Find answers to the most common questions about the CIMA F3 exam, including what it is, how to prepare, and how it can boost your career.

The CIMA F3 certification is a globally-acknowledged credential that is awarded to candidates who pass this certification exam by obtaining the required passing score. This credential attests and validates the candidates' knowledge and hands-on skills in domains covered in the CIMA F3 certification syllabus. The CIMA F3 certified professionals with their verified proficiency and expertise are trusted and welcomed by hiring managers all over the world to perform leading roles in organizations. The success in CIMA F3 certification exam can be ensured only with a combination of clear knowledge on all exam domains and securing the required practical training. Like any other credential, CIMA F3 certification may require periodic renewal to stay current with new innovations in the concerned domains.

The CIMA F3 is a valuable career booster that levels up your profile with the distinction of validated competency awarded by a renowned organization.
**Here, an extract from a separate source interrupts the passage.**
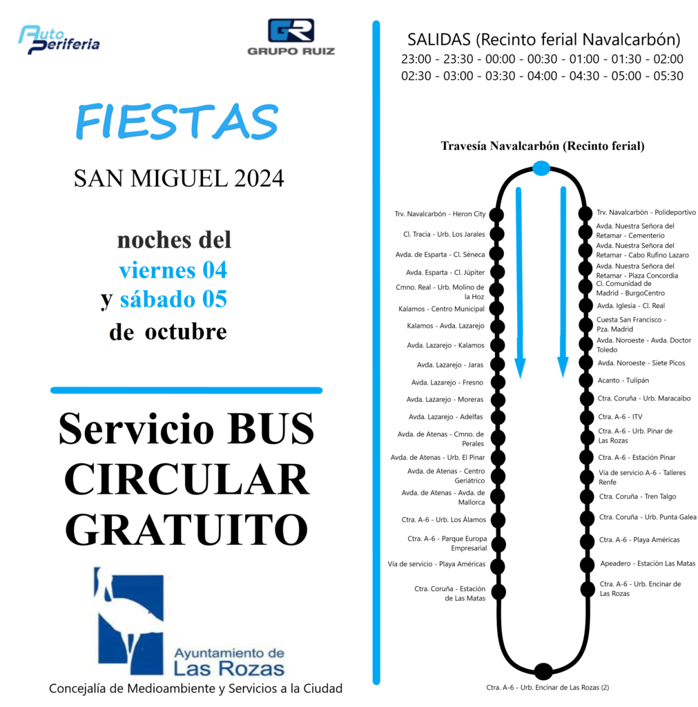 Con motivo de las Fiestas de San Miguel 2024, y con el objetivo de mejorar la movilidad y seguridad de los vecinos, el Ayuntamiento de Las Rozas ha anunciado la implementación de un servicio especial de autobuses nocturnos gratuitos. Este servicio estará disponible durante las dos noches de mayor afluencia de personas, brindando a los residentes una opción segura y conveniente para desplazarse.
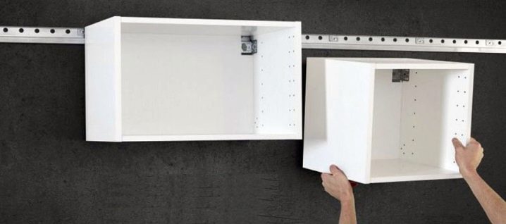 - Много е лесно и удобно да окачите няколко кухненски шкафа с помощта на монтажни релси, които имат регулируеми закачалки.

Often rated as a dream cert by several ambitious professionals, the CIMA F3 certification ensures you an immensely rewarding career trajectory. With this cert, you fulfill the eligibility criterion for advance level certifications and build an outstanding career pyramid. With the tangible proof of your expertise, the CIMA F3 certification provide you with new job opportunities or promotions and enhance your regular income.

Passing the Financial Strategy (F3) requires a comprehensive study plan that includes understanding the exam objectives and finding a study resource that can provide you verified and up-to-date information on all the domains covered in your syllabus. The next step should be practicing the exam format, know the types of questions and learning time management for the successful completion of your test within the given time. Download practice exams and solve them to strengthen your grasp on actual exam format. Rely only on resources that are recommended by others for their credible and updated information. Dumpstech's extensive clientele network is the mark of credibility and authenticity of its products that promise a guaranteed exam success.

In today's competitive world, the CIMA F3 certification is a ladder of success and a means of distinguishing your expertise over the non-certified peers. In addition to this, the CIMA F3 certified professionals enjoy more credibility and visibility in the job market for their candidature. This distinction accelerates career growth allowing the certified professionals to secure their dream job roles in enterprises of their choice. This industry-recognized credential is always attractive to employers and the professionals having it are paid well with an instant 15-20% increase in salaries. These are the reasons that make CIMA F3 certification a trending credential worldwide.